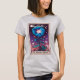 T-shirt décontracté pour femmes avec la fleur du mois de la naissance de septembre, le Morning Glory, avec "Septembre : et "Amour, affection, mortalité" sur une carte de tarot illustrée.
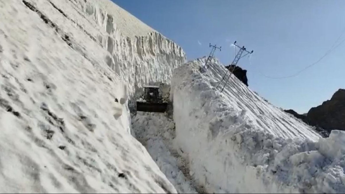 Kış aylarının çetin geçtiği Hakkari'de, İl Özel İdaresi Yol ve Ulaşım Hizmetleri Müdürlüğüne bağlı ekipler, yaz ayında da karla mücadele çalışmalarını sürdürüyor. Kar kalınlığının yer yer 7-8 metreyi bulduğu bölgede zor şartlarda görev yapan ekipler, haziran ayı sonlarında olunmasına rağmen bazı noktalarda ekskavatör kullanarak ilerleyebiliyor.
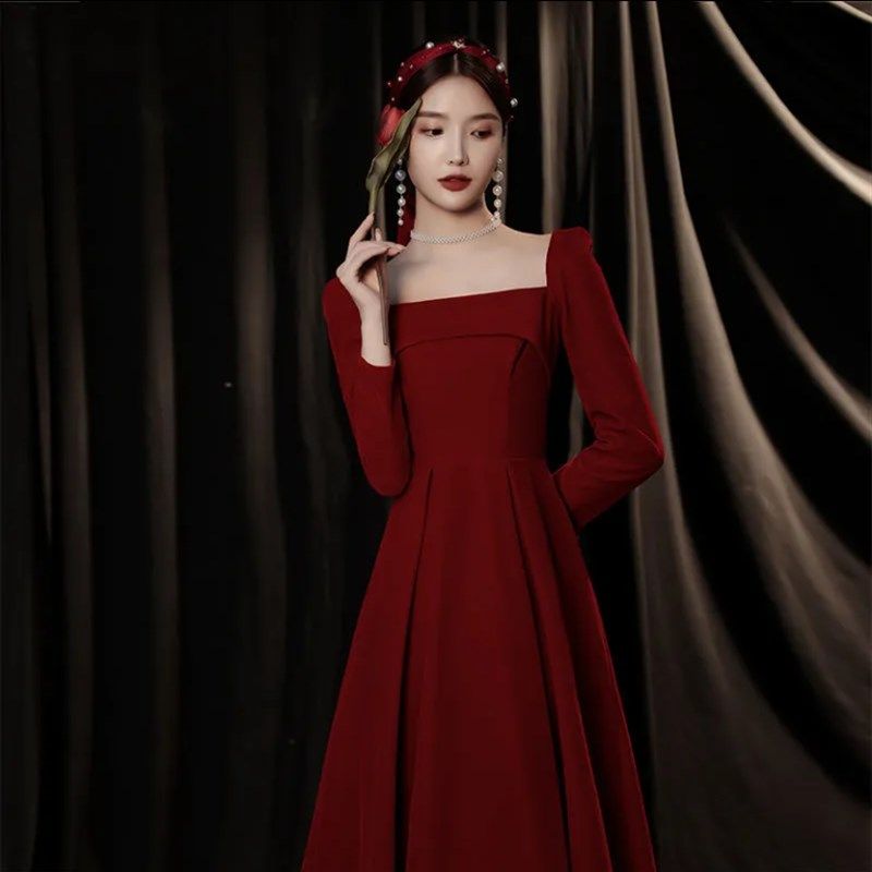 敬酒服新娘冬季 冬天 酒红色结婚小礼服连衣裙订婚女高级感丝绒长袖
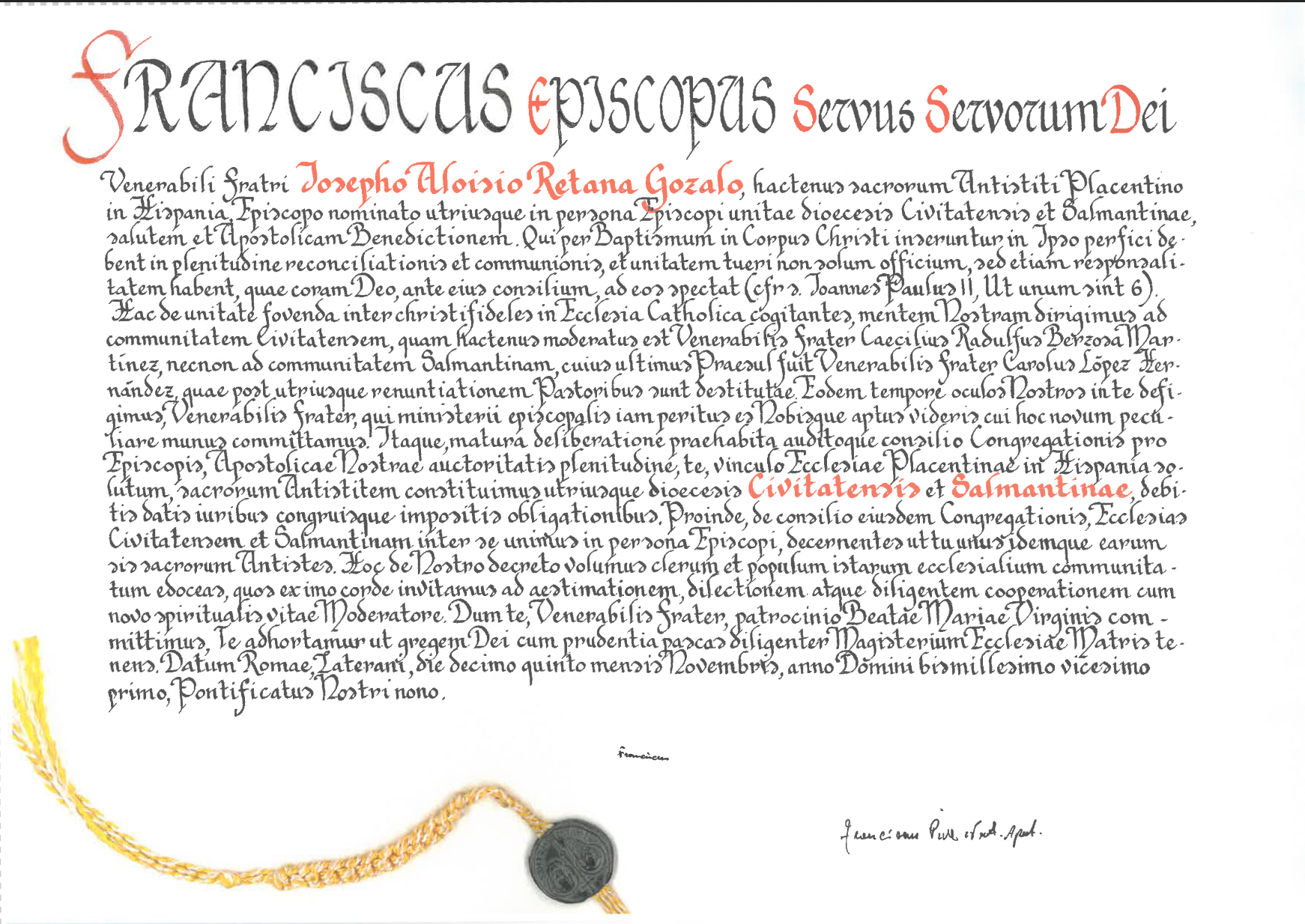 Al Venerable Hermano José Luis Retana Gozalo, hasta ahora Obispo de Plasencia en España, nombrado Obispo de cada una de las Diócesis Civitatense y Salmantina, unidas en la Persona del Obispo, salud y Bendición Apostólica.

-*-*-

Directions for this task: Output nothing but the lines from the one containing "敬酒服新娘冬季 冬天 酒红色结婚小礼服连衣裙订婚女高级感丝绒长袖" to the end of the listing, both ends included, reproduced exactly. Pictures stay out.

Task result:
 敬酒服新娘冬季 冬天 酒红色结婚小礼服连衣裙订婚女高级感丝绒长袖
 Al Venerable Hermano José Luis Retana Gozalo, hasta ahora Obispo de Plasencia en España, nombrado Obispo de cada una de las Diócesis Civitatense y Salmantina, unidas en la Persona del Obispo, salud y Bendición Apostólica.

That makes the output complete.